**WHAT TO DO:**
The material below holds pictures; leave them out and reproduce exactly the lines from the one with "Kegiatan ini merupakan" through the one with "Kauli Vaast se", inclusive.

**INFORMATION SUPPLIED:**
########################################
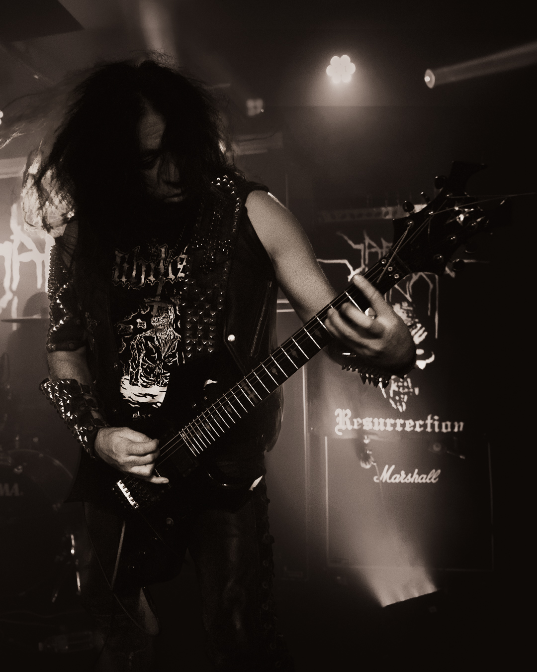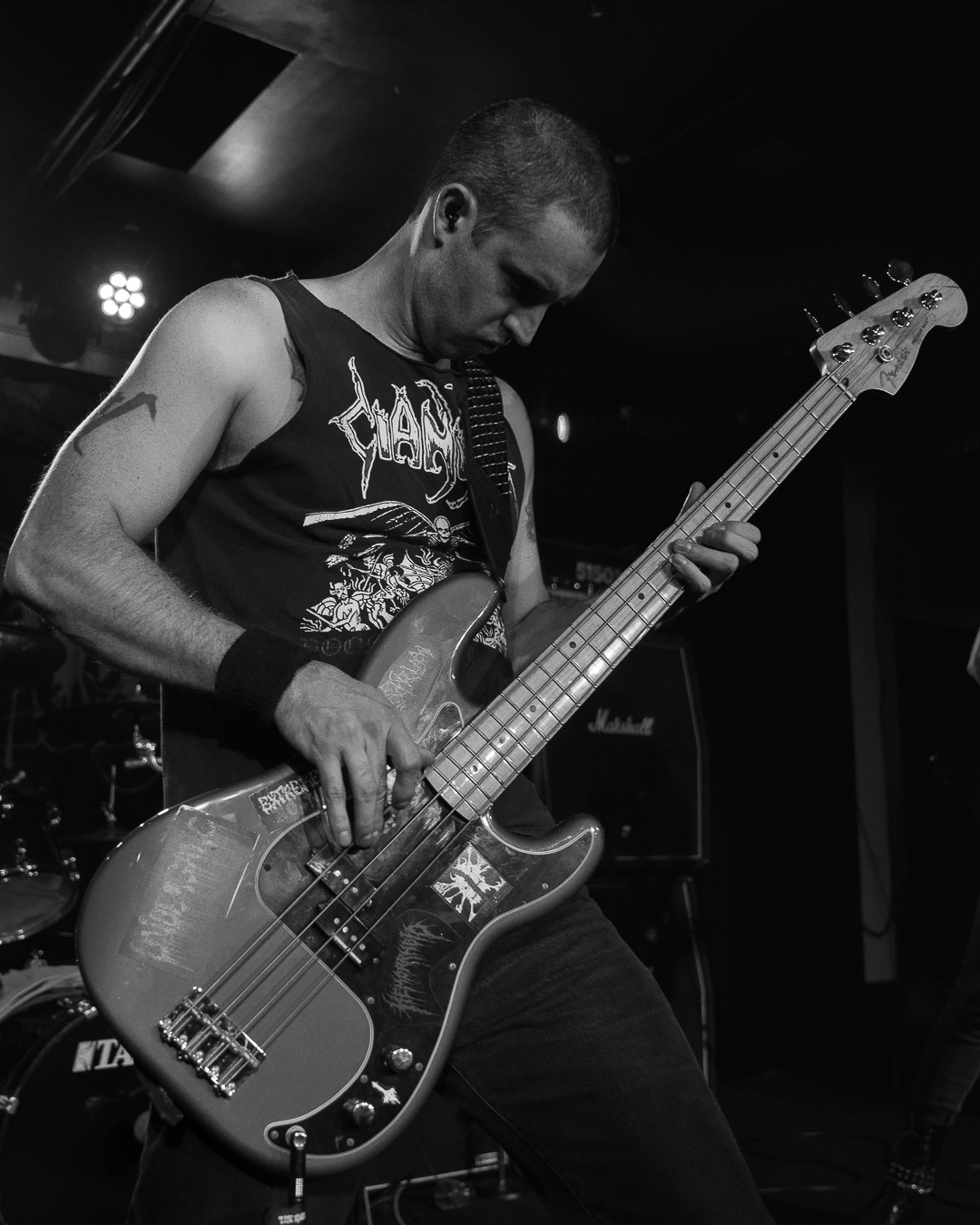 For many of these bands, it was their first time not only in Sacramento but on the West Coast. Day 1 brought local band Abhorrency to the stage to officially kick the fest off with their brand of blackened death. Vauldarie, Pig’s Blood, and Primitive Warfare filled out the early afternoon of Saturday’s lineup. By the evening, the heavy hitters were taking the stage one after another. Horns & Hooves, from Brooklyn, NY, making their West Coast debut, were a particular highlight for me—the unique vocal style of Angelo Oliveri rang through the venue like a banshee wail that sent shivers down my spine. Also among my favorite performers of Day 1 was Witch Vomit, visiting from Portland, OR for their Sacramento debut. Last, but definitely not least, were death metal legends Sadistic Intent. This Los Angeles–based Latino death metal band, active since 1987, closed out night one of Wretched Rites.
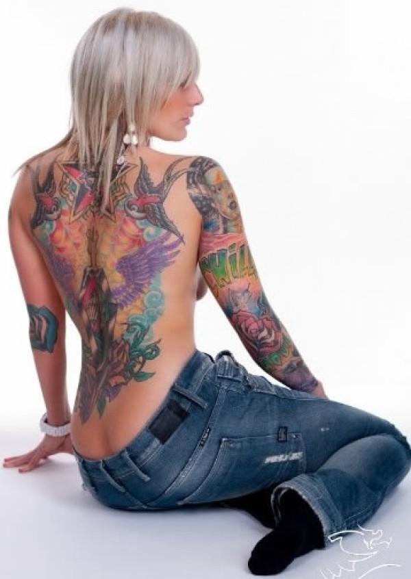 美女后背上飞翔的彩绘燕子纹身图片欧美女士的_后背纹身图案大全_纹身图吧
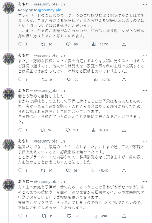 當然這種 PO 上網的情況都會被質疑只是單方說法,也有網友提醒他過於衝動可能會造成家庭破碎。後續推主也表示自己當時有點氣在上頭就發文到推特上,後許也跟老婆好好談論有關收藏與家庭的事件,一切都以家庭與孩子為重,未來會在收藏上酌量不過買過多,老婆也承諾會尊重他的興趣。
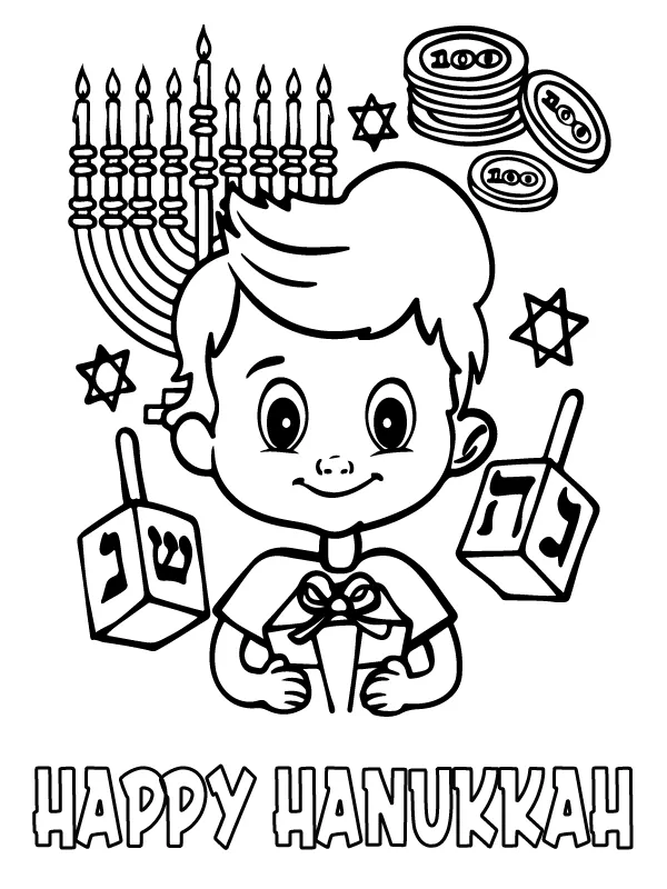 Coloring description : Download Printable Smiling Kid Holding Gift Coloring Page
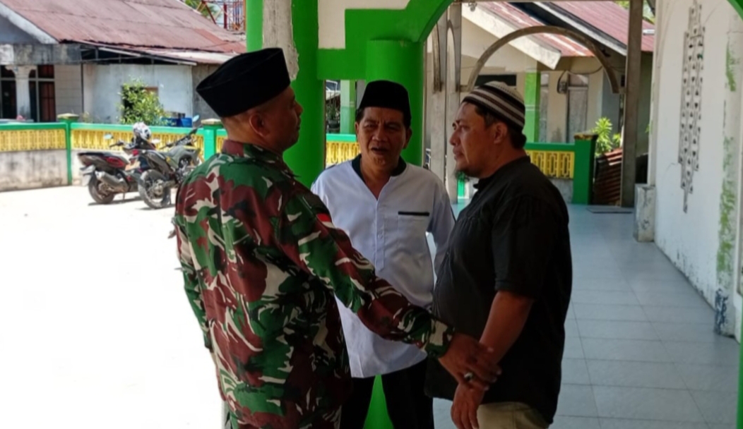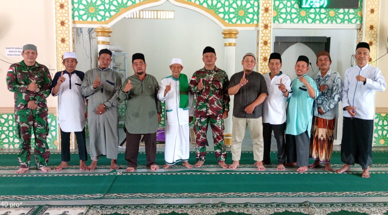 Kegiatan ini merupakan bagian dari pembinaan teritorial yang rutin dilakukan, sekaligus sebagai sarana menjalin silaturahmi dengan para tokoh agama dan masyarakat. Kehadiran Danramil beserta anggota disambut hangat oleh pengurus masjid dan jamaah yang turut melaksanakan ibadah Sholat Jumat secara berjamaah.
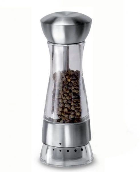 Prezentowany młynek wykonany jest z połączenia akrylu, który jest w pełni przeźroczysty z matową stalą nierdzewną. Budowa młynka sprawia, że możesz kontrolować jaka przyprawa i jaka jej ilość znajduje się wewnątrz. Dodatkowo Twoja przyprawa jest ozdobą stołu! Akryl jest materiałem wysokiej jakości, nie żółknie jak szkło, czy plastik, jest też od nich trwalszy.
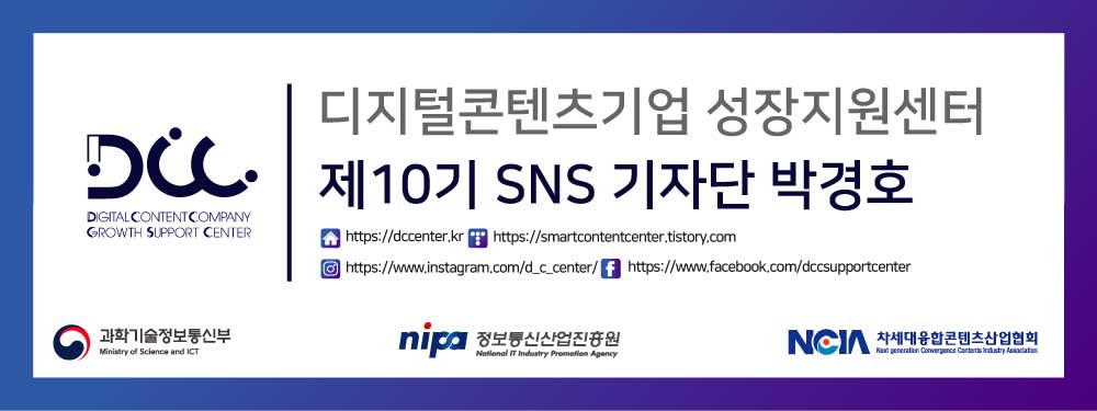 안녕하세요. 디지털 콘텐츠기업 성장지원센터 SNS 기자단(이하 SNS기자단)입니다. 디지털콘텐츠기업 성장지원센터에는 창의적인 아이디어와 기술력으로 글로벌 무대에 도전하는 많은 기업들이 입주해 활발히 활동하고 있습니다.
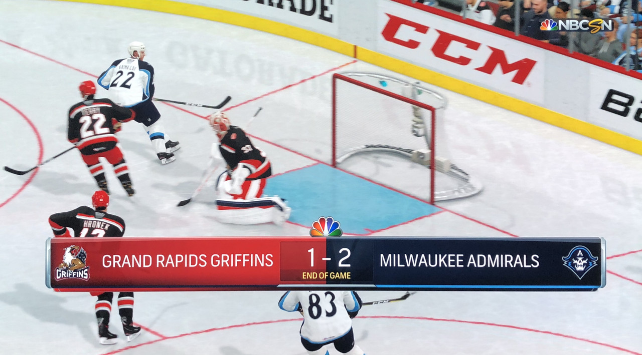 The Griffins lose a nail biter, 2-1 in overtime to the Milwaukee Admirals.
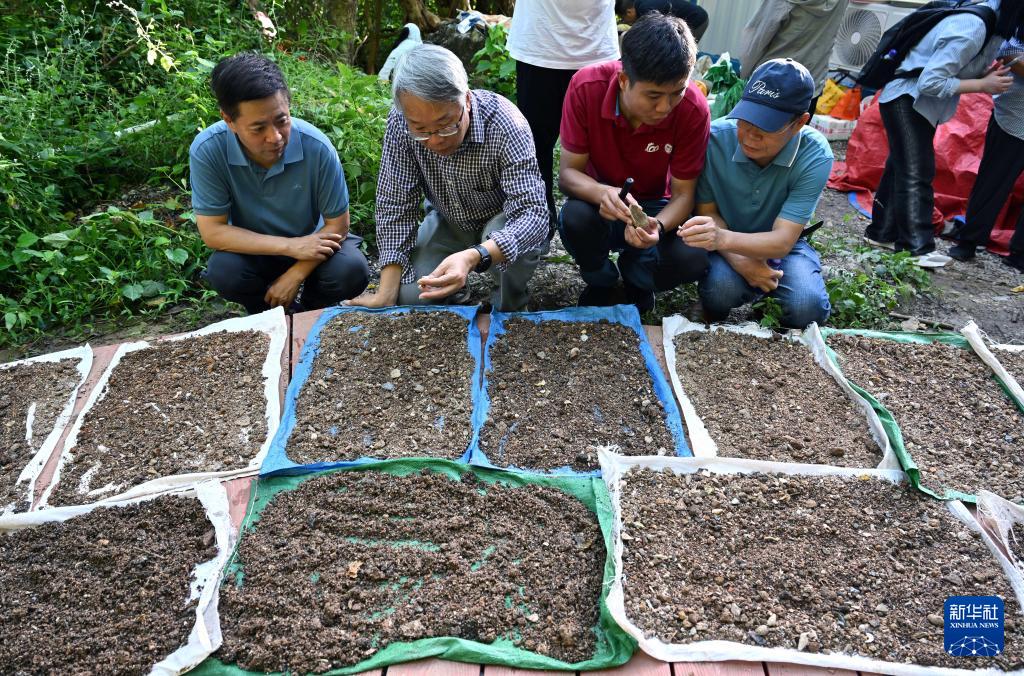 11月8日,考古专家对三亚落笔洞遗址出土土壤进行筛选。
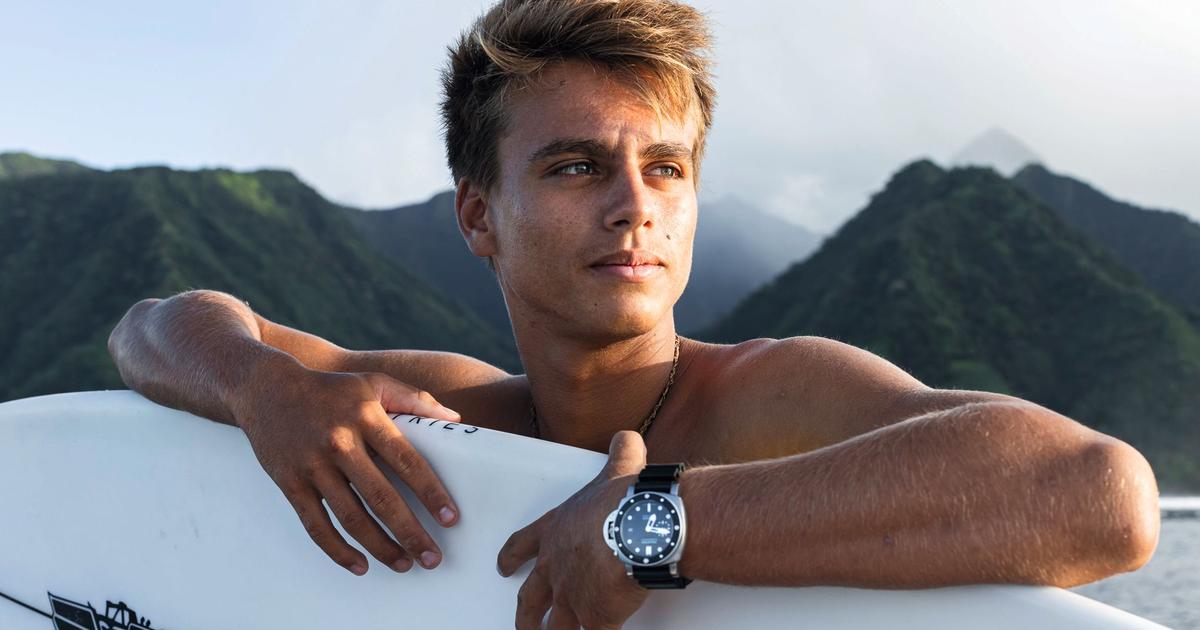 Kauli Vaast se prépare depuis longtemps pour l’un des rendez-vous majeurs de sa carrière. Entre le 27 et le 30 juillet prochain, le surfeur professionnel français prendra part aux épreuves olympiques de sa discipline au cœur du spot de Teahupo’o, à Tahiti, où il s’entraîne régulièrement. Pour être à l’heure de cet événement, ce sportif de haut niveau, capable de défier des vagues de 10 mètres de haut, fait confiance à sa montre Panerai Submersible. Étanche à 300 mètres, ce robuste garde-temps en acier de 42 mm, équipé du système de protège couronne typique de Panerai, est animé par le mouvement mécanique à remontage automatique P.900 disposant de trois jours de réserve de marche et du dispositif antichoc Incabloc qui est un atout supplémentaire lorsque l’on défie les éléments. Propice aux activités nautiques et de plein air, la période estivale est la saison par excellence pour les montres de plongée ou inspirées de l’univers marin.
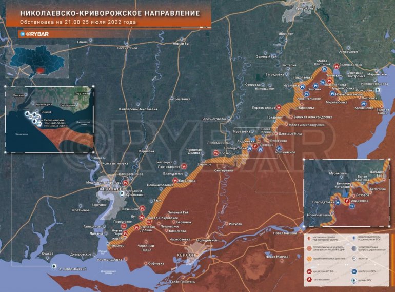 *Ruske jedinice su napale položaje Oružanih snaga Ukrajine u Kiselevki, Potemkinu, Partizanskom, Pervomajskom, Luču, Posad-Pokrovskom, Stepovoj Dolini, Ševčenkovu, Novoj Zari, Pribugskom, Zelenodolsku.
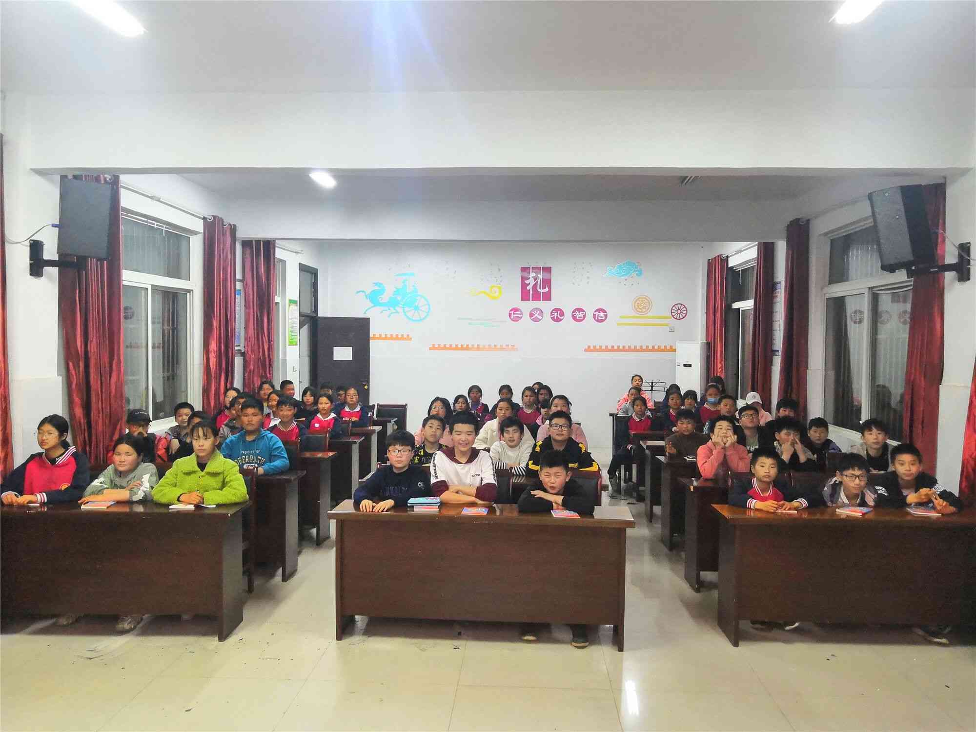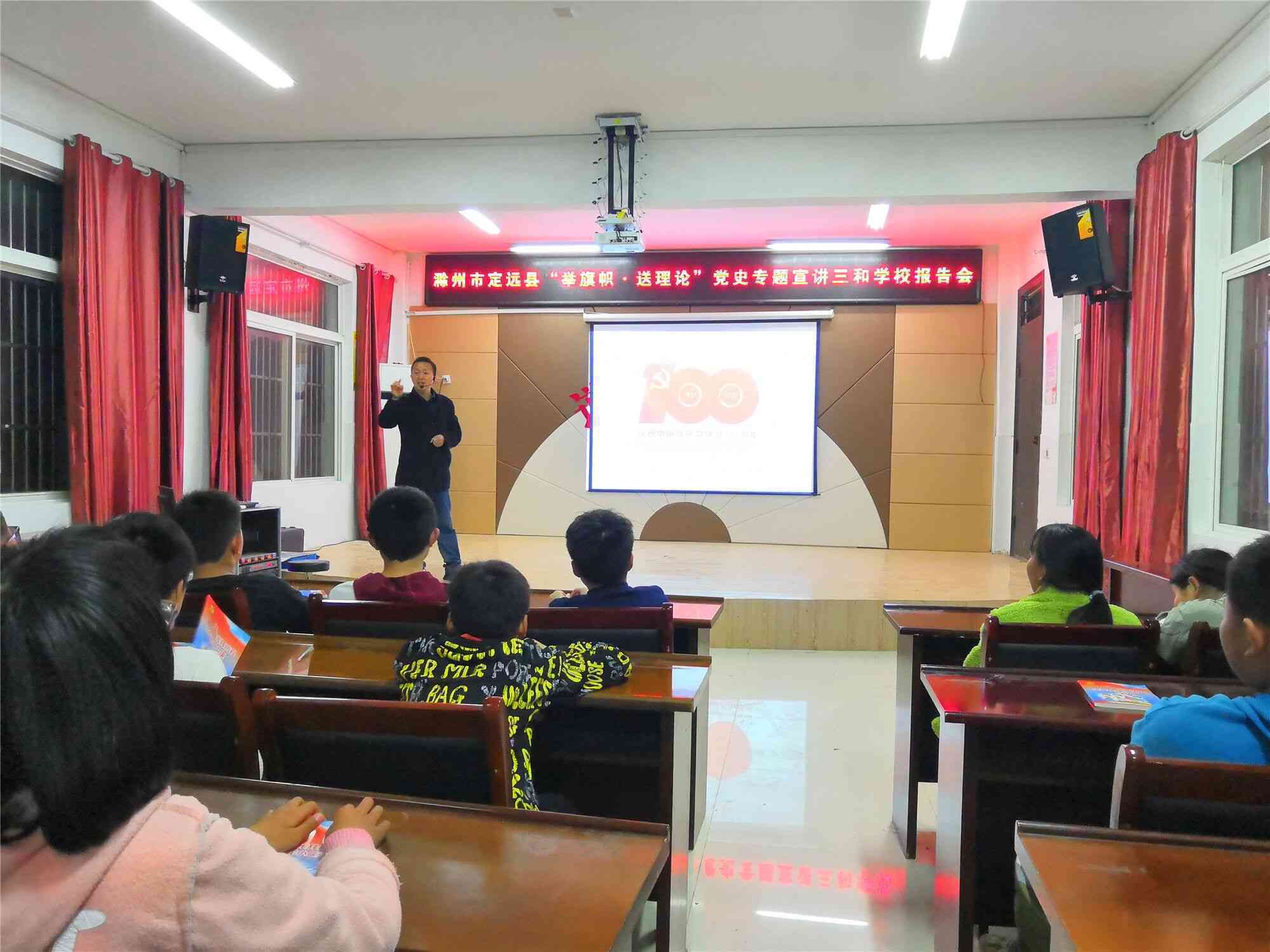 4月27日晚,定远县三和学校少年宫道德讲堂座无虚席,同学们正在聆听党史教育,该校“举旗帜•送理论”党史专题宣讲报告会正式拉开序幕。根据校党支部安排,当晚的报告会由思政课老师盛少堂主讲,分九年级和六年级两场进行。
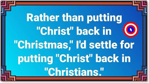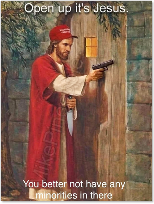To that end, the more offensive the better — Faith be damned! — as in this meme that says a lot about the motives behind these ongoing assaults on Christianity…
########################################
**ANSWER SECTION:**
 Kegiatan ini merupakan bagian dari pembinaan teritorial yang rutin dilakukan, sekaligus sebagai sarana menjalin silaturahmi dengan para tokoh agama dan masyarakat. Kehadiran Danramil beserta anggota disambut hangat oleh pengurus masjid dan jamaah yang turut melaksanakan ibadah Sholat Jumat secara berjamaah.
 Prezentowany młynek wykonany jest z połączenia akrylu, który jest w pełni przeźroczysty z matową stalą nierdzewną. Budowa młynka sprawia, że możesz kontrolować jaka przyprawa i jaka jej ilość znajduje się wewnątrz. Dodatkowo Twoja przyprawa jest ozdobą stołu! Akryl jest materiałem wysokiej jakości, nie żółknie jak szkło, czy plastik, jest też od nich trwalszy.
 안녕하세요. 디지털 콘텐츠기업 성장지원센터 SNS 기자단(이하 SNS기자단)입니다. 디지털콘텐츠기업 성장지원센터에는 창의적인 아이디어와 기술력으로 글로벌 무대에 도전하는 많은 기업들이 입주해 활발히 활동하고 있습니다.
 The Griffins lose a nail biter, 2-1 in overtime to the Milwaukee Admirals.
 11月8日,考古专家对三亚落笔洞遗址出土土壤进行筛选。
 Kauli Vaast se prépare depuis longtemps pour l’un des rendez-vous majeurs de sa carrière. Entre le 27 et le 30 juillet prochain, le surfeur professionnel français prendra part aux épreuves olympiques de sa discipline au cœur du spot de Teahupo’o, à Tahiti, où il s’entraîne régulièrement. Pour être à l’heure de cet événement, ce sportif de haut niveau, capable de défier des vagues de 10 mètres de haut, fait confiance à sa montre Panerai Submersible. Étanche à 300 mètres, ce robuste garde-temps en acier de 42 mm, équipé du système de protège couronne typique de Panerai, est animé par le mouvement mécanique à remontage automatique P.900 disposant de trois jours de réserve de marche et du dispositif antichoc Incabloc qui est un atout supplémentaire lorsque l’on défie les éléments. Propice aux activités nautiques et de plein air, la période estivale est la saison par excellence pour les montres de plongée ou inspirées de l’univers marin.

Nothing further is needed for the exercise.